TASK STATEMENT: From the material below, set down exactly the lines that run from the one containing "北京时间9月15日,英伟达美" to the one containing "Výřez v zásuvce", minus the pictures.

GIVEN DATA:
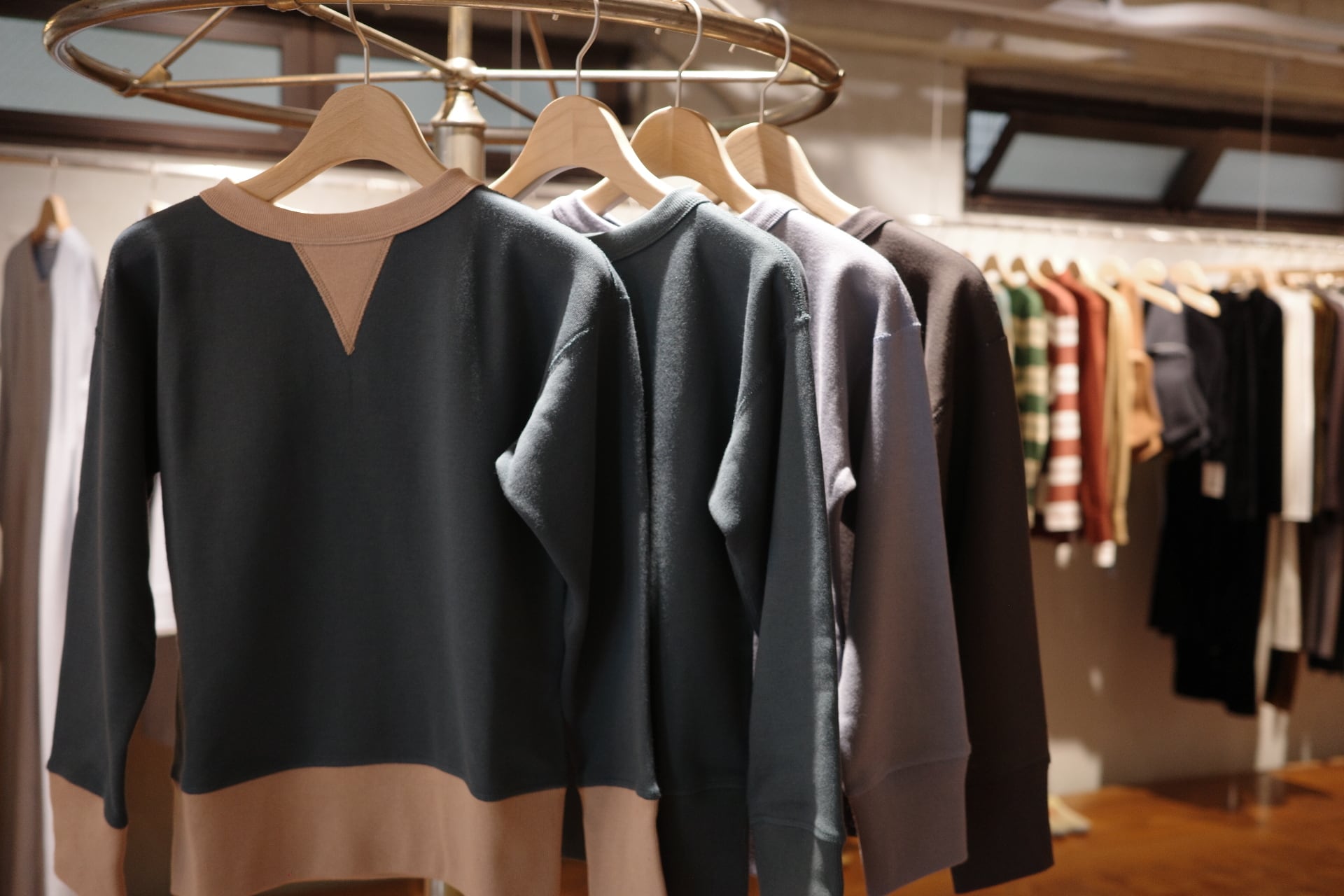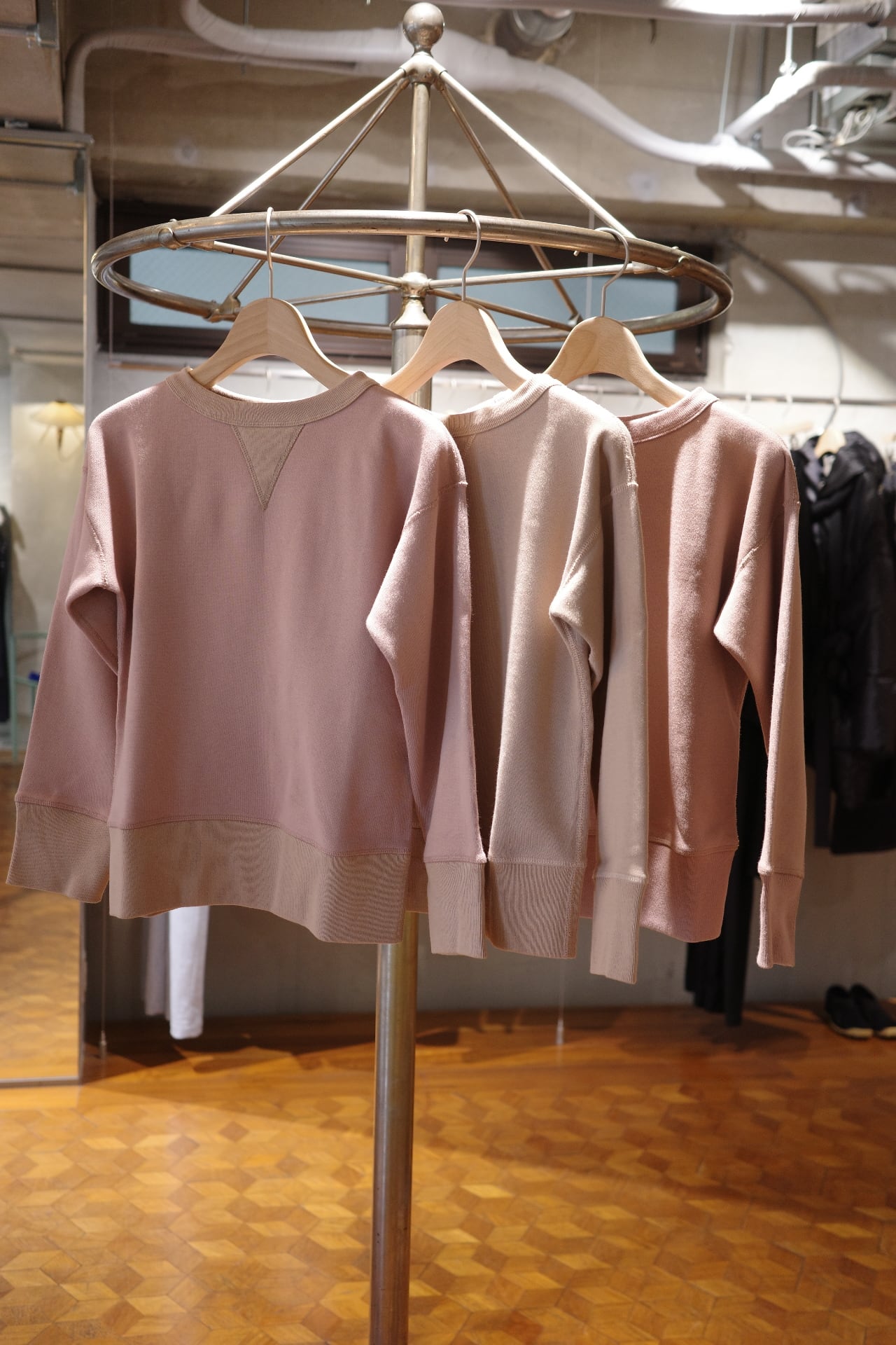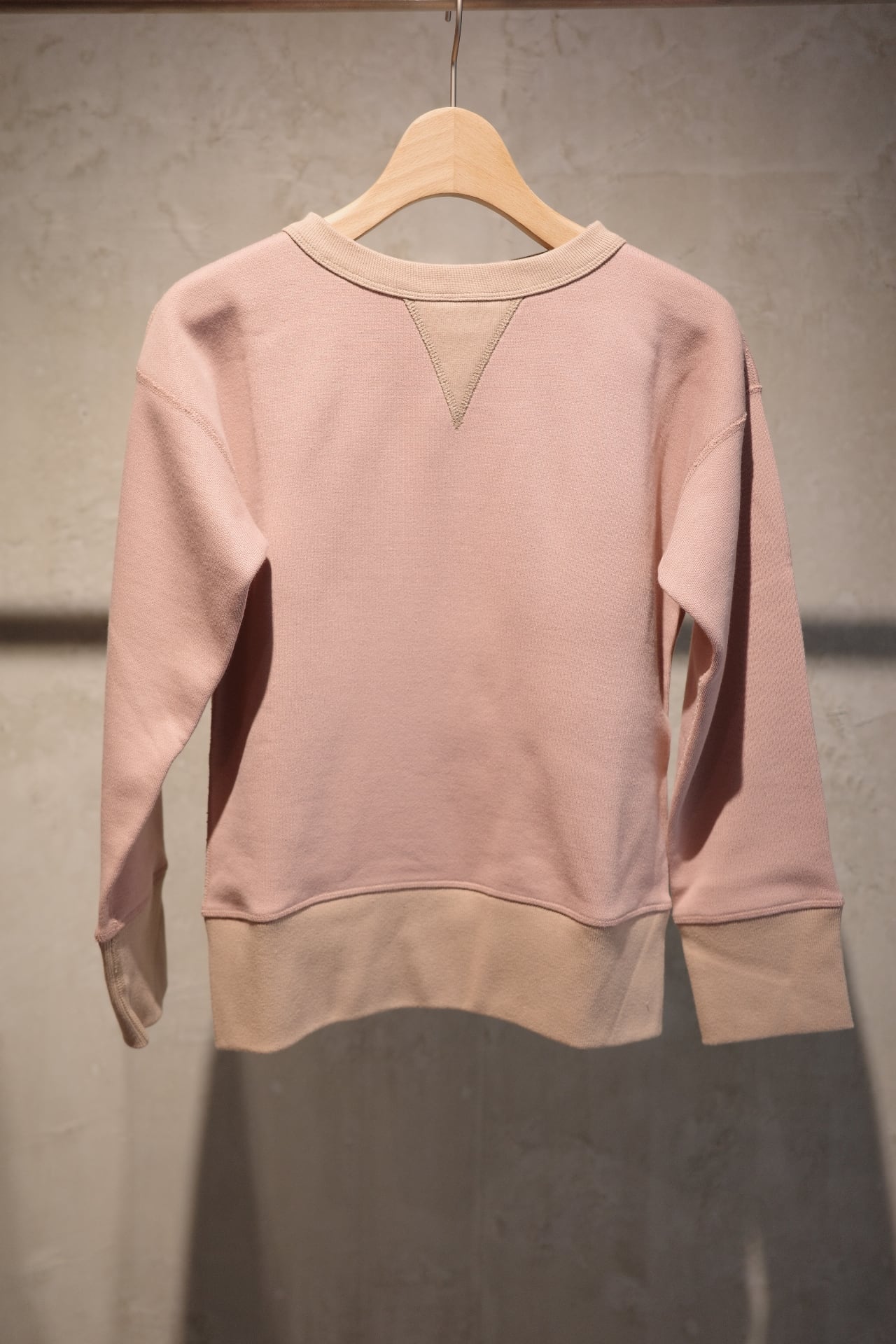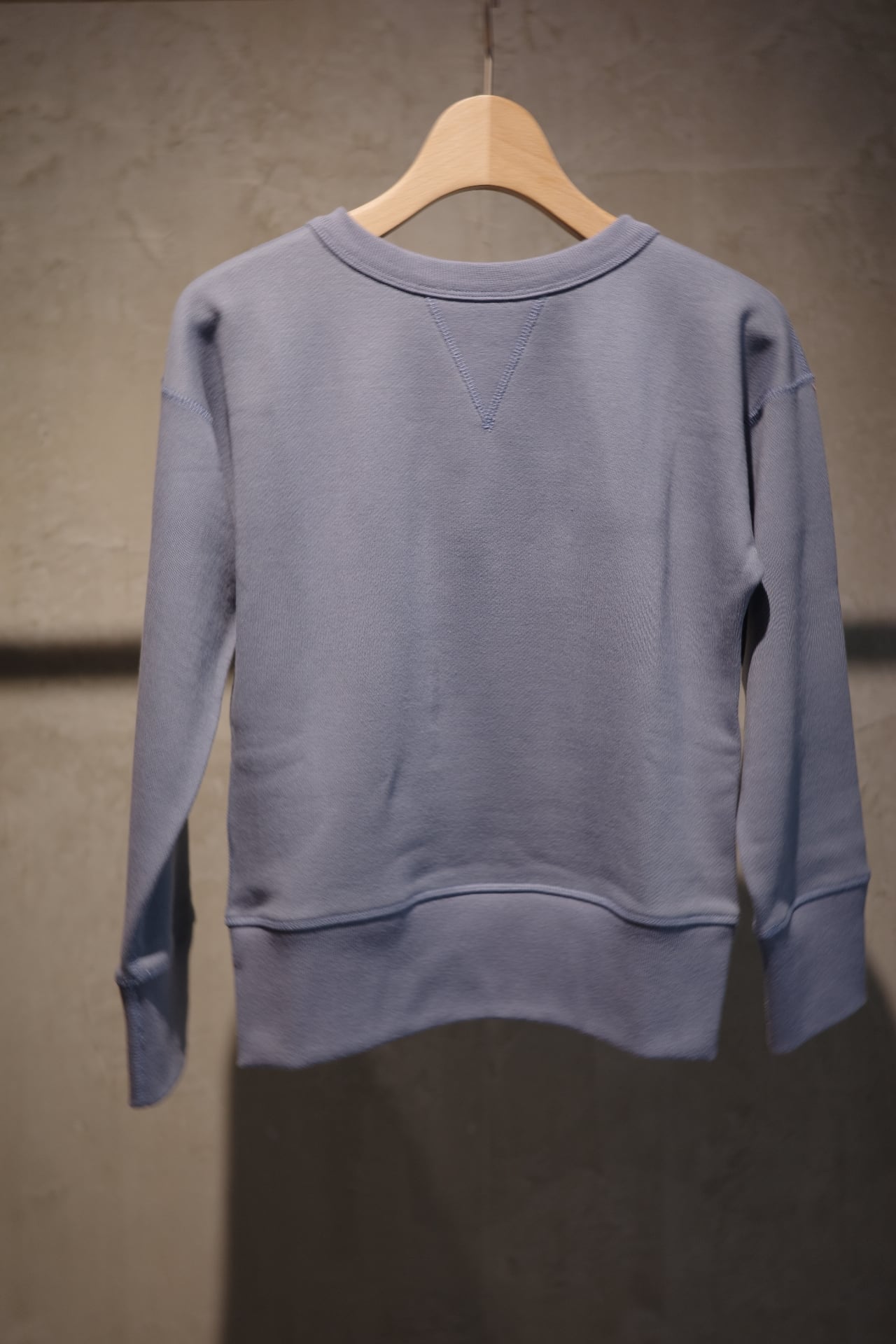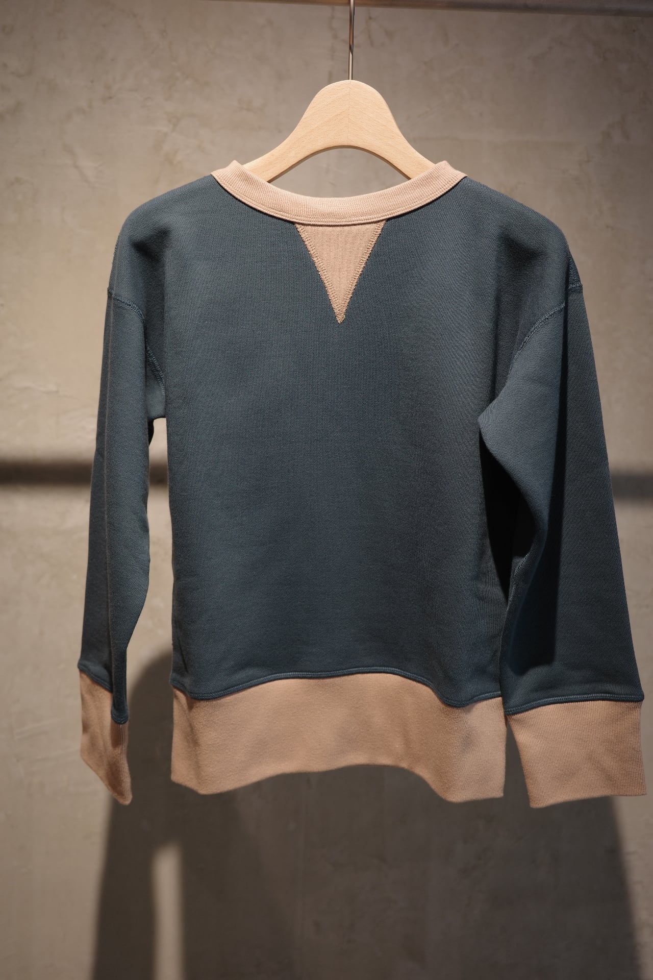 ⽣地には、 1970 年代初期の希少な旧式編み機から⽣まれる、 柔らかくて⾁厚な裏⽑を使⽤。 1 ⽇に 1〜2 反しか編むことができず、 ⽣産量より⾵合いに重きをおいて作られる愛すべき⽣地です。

==

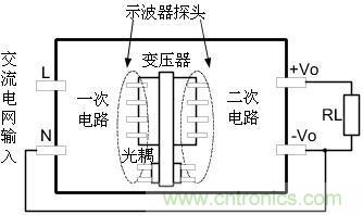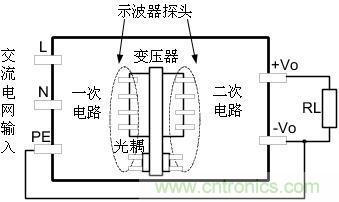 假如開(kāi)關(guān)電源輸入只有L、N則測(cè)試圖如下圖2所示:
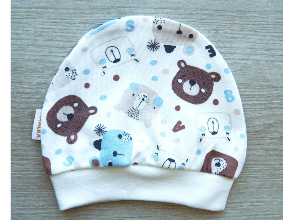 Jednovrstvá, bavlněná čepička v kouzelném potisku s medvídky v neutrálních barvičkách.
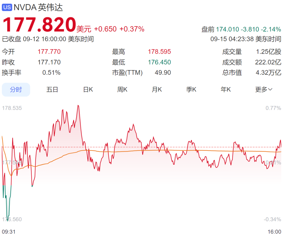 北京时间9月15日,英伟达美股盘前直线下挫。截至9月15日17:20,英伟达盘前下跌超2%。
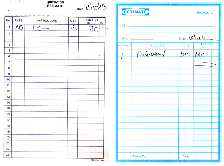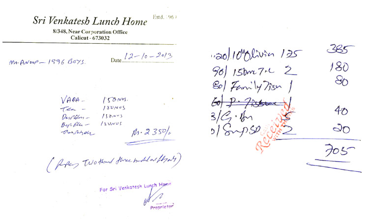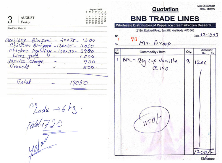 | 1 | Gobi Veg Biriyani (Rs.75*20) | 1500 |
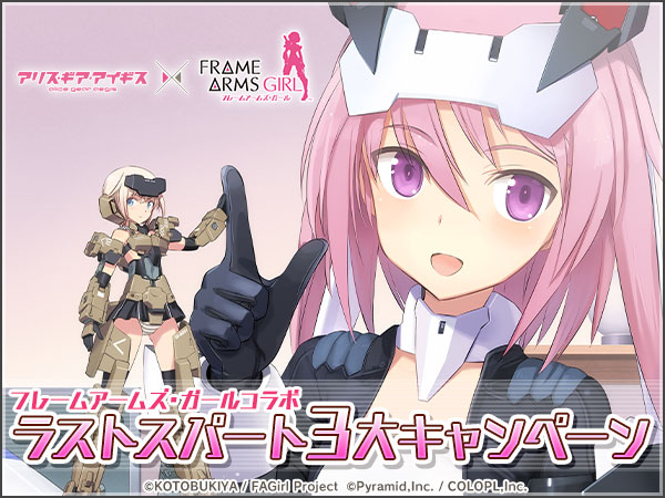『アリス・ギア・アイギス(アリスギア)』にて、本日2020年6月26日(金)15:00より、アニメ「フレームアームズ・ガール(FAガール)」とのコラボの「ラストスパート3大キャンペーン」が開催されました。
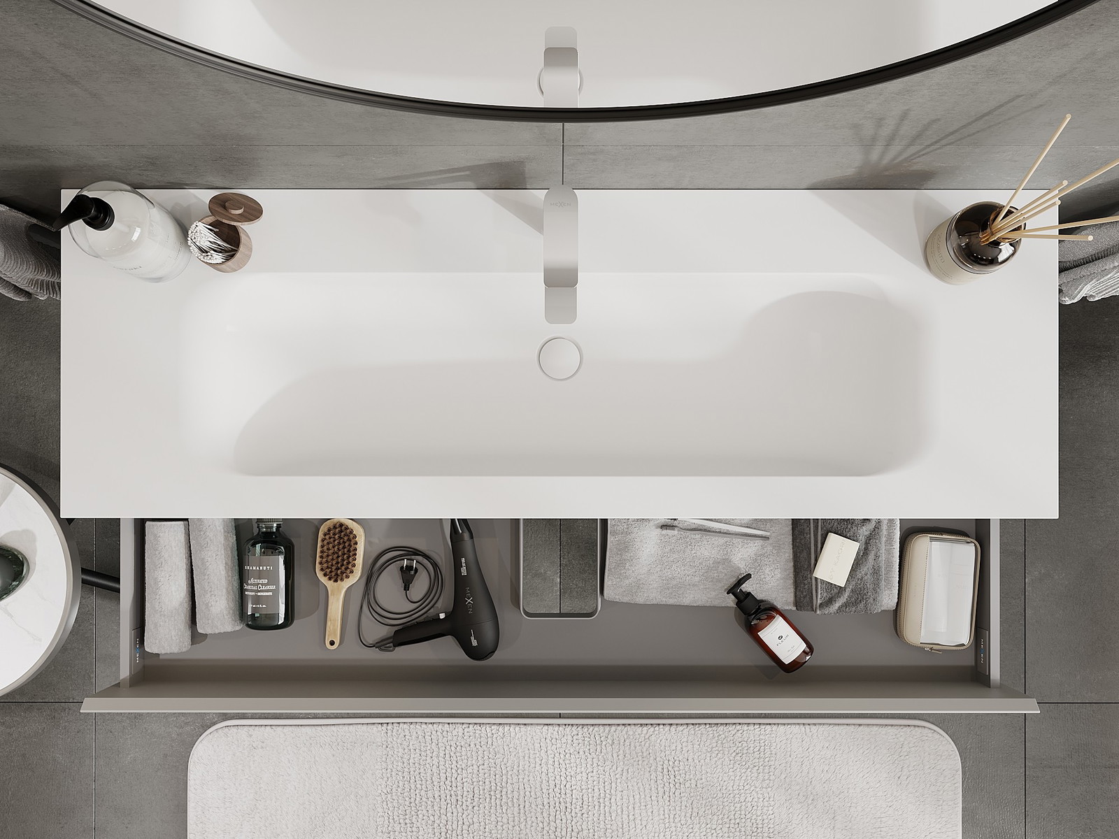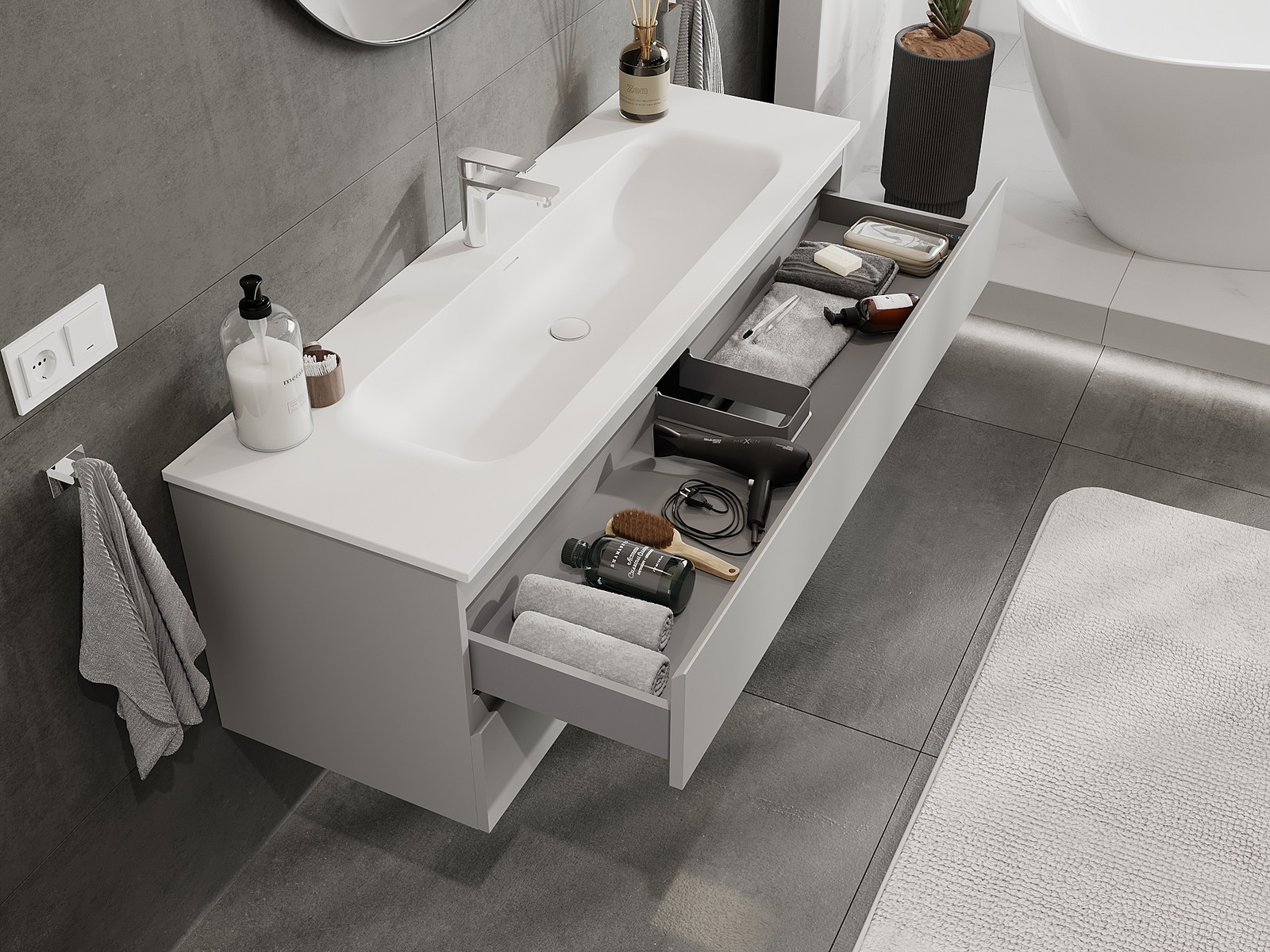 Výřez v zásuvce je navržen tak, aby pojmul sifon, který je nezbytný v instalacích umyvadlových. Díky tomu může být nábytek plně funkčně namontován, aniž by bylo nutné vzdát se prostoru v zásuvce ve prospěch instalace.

PROBLEM SOLUTION:
 北京时间9月15日,英伟达美股盘前直线下挫。截至9月15日17:20,英伟达盘前下跌超2%。
 | 1 | Gobi Veg Biriyani (Rs.75*20) | 1500 |
『アリス・ギア・アイギス(アリスギア)』にて、本日2020年6月26日(金)15:00より、アニメ「フレームアームズ・ガール(FAガール)」とのコラボの「ラストスパート3大キャンペーン」が開催されました。
 Výřez v zásuvce je navržen tak, aby pojmul sifon, který je nezbytný v instalacích umyvadlových. Díky tomu může být nábytek plně funkčně namontován, aniž by bylo nutné vzdát se prostoru v zásuvce ve prospěch instalace.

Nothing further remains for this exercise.